TASK DETAILS> Word for word, restate the listing that follows and leave out the images.

STORED DATA>
"""

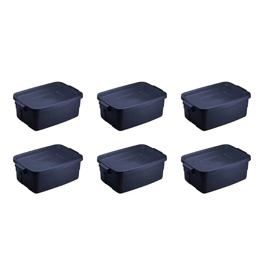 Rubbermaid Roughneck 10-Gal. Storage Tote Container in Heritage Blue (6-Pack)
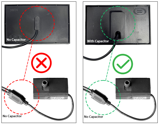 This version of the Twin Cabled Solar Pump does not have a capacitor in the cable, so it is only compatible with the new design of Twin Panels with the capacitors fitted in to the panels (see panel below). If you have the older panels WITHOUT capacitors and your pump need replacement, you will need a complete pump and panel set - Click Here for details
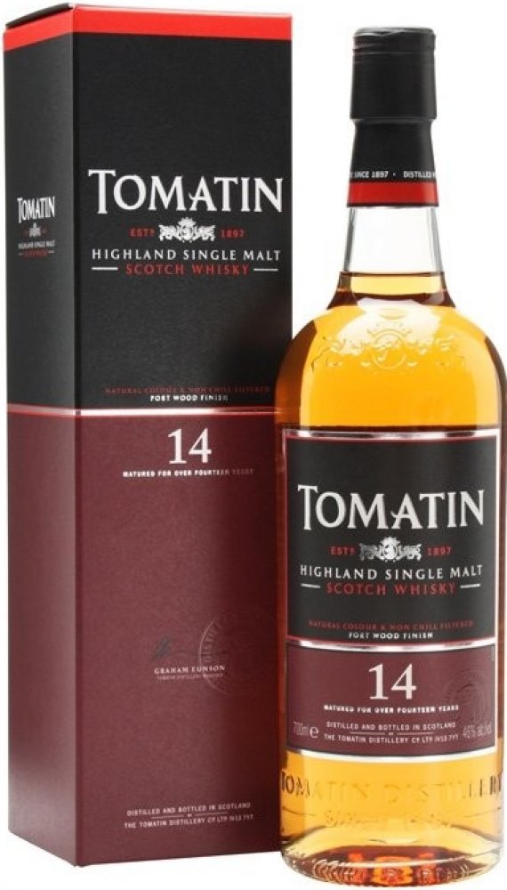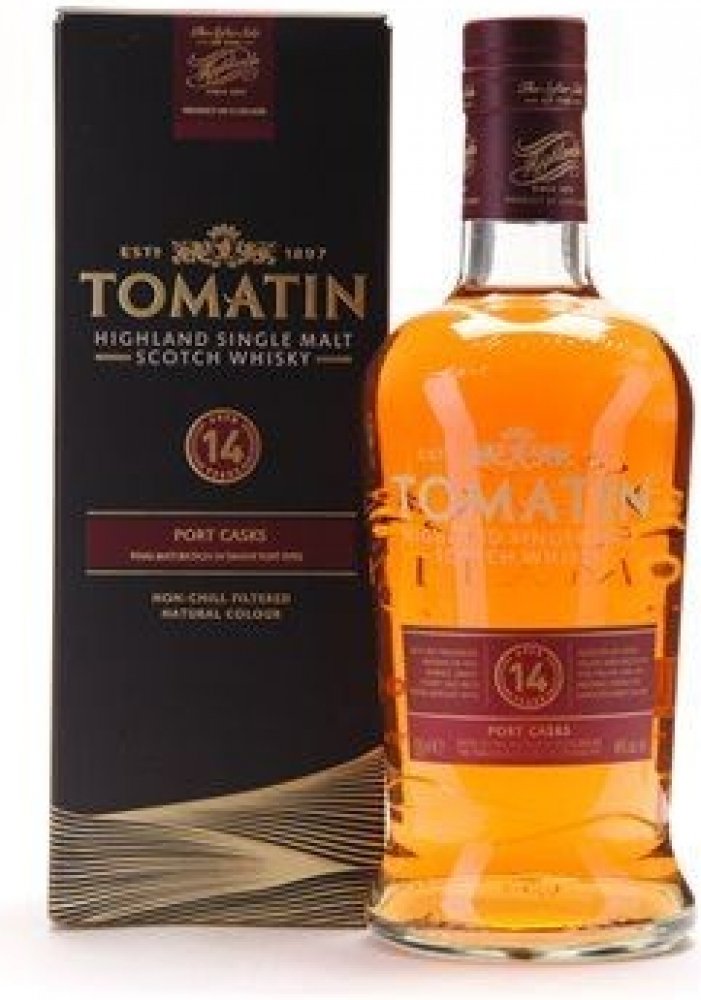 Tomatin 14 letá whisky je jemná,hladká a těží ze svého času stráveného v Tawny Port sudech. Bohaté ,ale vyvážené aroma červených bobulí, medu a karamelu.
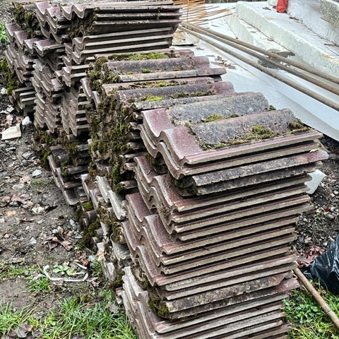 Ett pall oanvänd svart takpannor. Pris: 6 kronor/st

"""

SOLUTION TO THIS TASK>
 Rubbermaid Roughneck 10-Gal. Storage Tote Container in Heritage Blue (6-Pack)
 This version of the Twin Cabled Solar Pump does not have a capacitor in the cable, so it is only compatible with the new design of Twin Panels with the capacitors fitted in to the panels (see panel below). If you have the older panels WITHOUT capacitors and your pump need replacement, you will need a complete pump and panel set - Click Here for details
 Tomatin 14 letá whisky je jemná,hladká a těží ze svého času stráveného v Tawny Port sudech. Bohaté ,ale vyvážené aroma červených bobulí, medu a karamelu.
 Ett pall oanvänd svart takpannor. Pris: 6 kronor/st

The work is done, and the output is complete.